Para além da sua longa actividade a promover e divulgar a cultura em geral, com incidência especial no Teatro, executou 51 produções teatrais (cerca de 800 Espectáculos de Teatro), a maior parte de autores portugueses, que representou nos pontos mais diversos do País, bem como além fronteiras (França e Luxemburgo). 

O TEM assume-se como um grupo inteiramente “AMADOR” dedicando-se em cerca de 75% à itinerância. Nos termos dos Artºs 2º e 3º do Dec. Lei 460/77, 07-01, por despacho de 29-12-87 do Primeiro - Ministro Prof. Cavaco Silva e publicação no Diário da República – II série de 13-01-1988, o TEM conquistou o estatuto de Associação de Utilidade Pública. 

Em Abril de 1999, com a peça “SALOMÉ”, foi galardoado com o prémio produção artística – teatro, no 7º aniversário da revista ANIM’ARTE.

Em Maio de 2001, ano em que comemorou os 20 anos de actividade ininterrupta, foi-lhe atribuída a medalha de Ouro de mérito Municipal na área da Cultura/Teatro.
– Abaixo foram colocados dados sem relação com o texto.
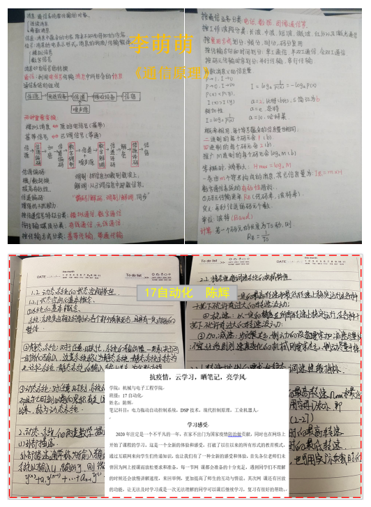 树立学习榜样,依托易班平台组织开展“抗疫情、云学习、晒笔记、亮学风”活动,各班级同学展示了线上学习期间的课程笔记,并遴选出一系列条理清晰、字迹优美的笔记进行展出,树立优秀学习榜样,营造良好的学习氛围。

Em Março de 2006 foi o vencedor do II Festival Nacional de Teatro de Amadores – Póvoa de Lanhoso, com a peça “Joana D’Arc” tendo sido galardoado com 4 prémios: melhores Encenação, Espectáculo, Cenografia e Luminotecnia.
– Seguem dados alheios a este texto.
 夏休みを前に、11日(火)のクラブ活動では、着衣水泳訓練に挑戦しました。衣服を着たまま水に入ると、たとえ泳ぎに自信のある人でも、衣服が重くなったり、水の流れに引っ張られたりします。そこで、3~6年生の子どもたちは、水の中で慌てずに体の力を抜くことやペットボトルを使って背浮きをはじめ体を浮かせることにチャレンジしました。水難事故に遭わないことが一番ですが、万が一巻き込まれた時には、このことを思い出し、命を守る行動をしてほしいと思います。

Em Março de 2010 foi galardoado com o Prémio do Público – Melhor Espectáculo, ao participar com a peça “O Pecado de João Agonia” no CALE-se 4 – Festival Internacional de Teatro de Amadores.

Em Dezembro de 2011 foi galardoado em Proença- a-Nova com o prémio " O melhor Guarda-Roupa", com a peça "O Pecado de João Agonia". 

Outras Referências:
Foi sócio da APTA – Associação Portuguesa de Teatro Amador, tendo feito parte dos Órgãos Sociais (já extinta).
É Sócio fundador do Centro Cultural Distrital de Viseu (Teatro Mirita Casimiro), e faz parte dos Órgãos Sociais.
É Sócio fundador da ADICES – Associação de Desenvolvimento e Iniciativas Culturais e Sociais, e faz parte dos Órgãos Sociais.
É Sócio fundador do Centro de Animação Cultural de Mortágua (Teatro Clube), e faz parte dos Órgãos Sociais.
É CCD da Fundação INATEL com o nº. 3173.
Foi Sócio fundador da ANTA – Associação Nacional de Teatro de Amadores (entretanto extinta).
É Sócio fundador da FPTA – Federação Portuguesa de Teatro.